I watch as she rummages through her desk, searching for yet another form for me to sign. She’s middle-aged, energetic, very chatty. She is also a mom, based on the several photos of two small children that are posted around the room. She seems nice, with kind eyes and a kinder smile. I want to like her, to get to know her. But I can’t help but wonder what she meant when she said she expected “someone else.”

A thought comes to mind, and I am instantly ashamed of it. Still, the more I try to suppress it, the more it persists, nags, hovers:

Was she surprised because I’m black?

***

    When any high school student finds out she has been accepted to the college of her dreams, there is probably some screaming, usually some happy-tears, and often a lot of disbelief. So when I, a Haitian-American, very low-income high school student found out that I had earned a full ride to my (very expensive) top choice, there was a lot of excited screaming (me and my older sister), a lot of joyful singing and praises to the Lord (my parents), and a lot of pinching myself to make sure it wasn’t a dream.

    I spent most of the week on the Washington and Lee University website; reading about the classes and the workload, thinking about all the people I would meet. I wished I could get my high school degree right then and there, I was so eager to begin a new life and an even better education at such an amazing school. My excitement doubled as I read about the many student clubs and organizations. I went to the QuestBridge Scholarship site to see how I might get involved with Washington and Lee’s Quest Scholars chapter. That’s when I saw the racial diversity chart.

Two of the eight categories glared back at me.

Caucasian: 86%.

African American: 3%.

Three percent?!

I tried to move on, to wave it off as the statistic that it was supposed to be. I continued my surf: learning everything that I could about the admissions process, deciding how I would go about getting my French degree. My dad and I planned our first trip to Lexington for the following April, so we could see the campus on Accepted Students Day.

As we made our way through the winding, mountainous roads of rural southern Virginia, the stats from the diversity chart resurfaced in my mind. I started to feel uneasy, and the aforementioned disbelief kicked into high gear. I thought of what my counselor said when I shared the good news.

“Washington and Lee?! That is a very selective school...”

So why on Earth did they choose me?

On Accepted Students Day, we arrived just in time for the first information session. I surveyed the room, and instantly regretted it. All of my excitement quickly faded, replaced with sudden unease. Reading about the statistics was one thing, being one was something else. My father, blunt by nature, said exactly what I was thinking:

“Are there no black people at this school?”

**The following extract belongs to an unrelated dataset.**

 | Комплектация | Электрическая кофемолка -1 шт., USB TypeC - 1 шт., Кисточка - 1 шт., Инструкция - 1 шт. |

The unease became a sudden, crippling wave of doubt, fueled by one shameful thought:

    Am I only here because I’m black?

***

    These thoughts have since become less frequent, but they haven’t gone away.  What's worse is that they will always be there. I am doomed to a never-ending struggle, torn between questioning myself and questioning the circumstances. To voice my uncertainty is seen as shameful and insecure, but to hold it back is downright ignorant. If I am confident, then I am too proud but if I am hesitant, then I am too weak.

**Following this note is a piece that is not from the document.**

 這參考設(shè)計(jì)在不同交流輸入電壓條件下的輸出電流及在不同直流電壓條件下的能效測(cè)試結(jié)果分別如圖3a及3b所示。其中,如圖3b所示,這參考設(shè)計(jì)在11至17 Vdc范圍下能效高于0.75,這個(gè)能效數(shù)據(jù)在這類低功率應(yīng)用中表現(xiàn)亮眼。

Contrary to popular belief (and the media) black people don’t always want to “make it about race.” In fact, we’re often the last people who want call attention to it.

That doesn’t mean I don’t think about it. Constantly.

That doesn’t mean I don’t wonder if I am here as a result of my hard work alone, or if I am just another percentage on a racial diversity chart.

That doesn’t mean there is no self-doubt.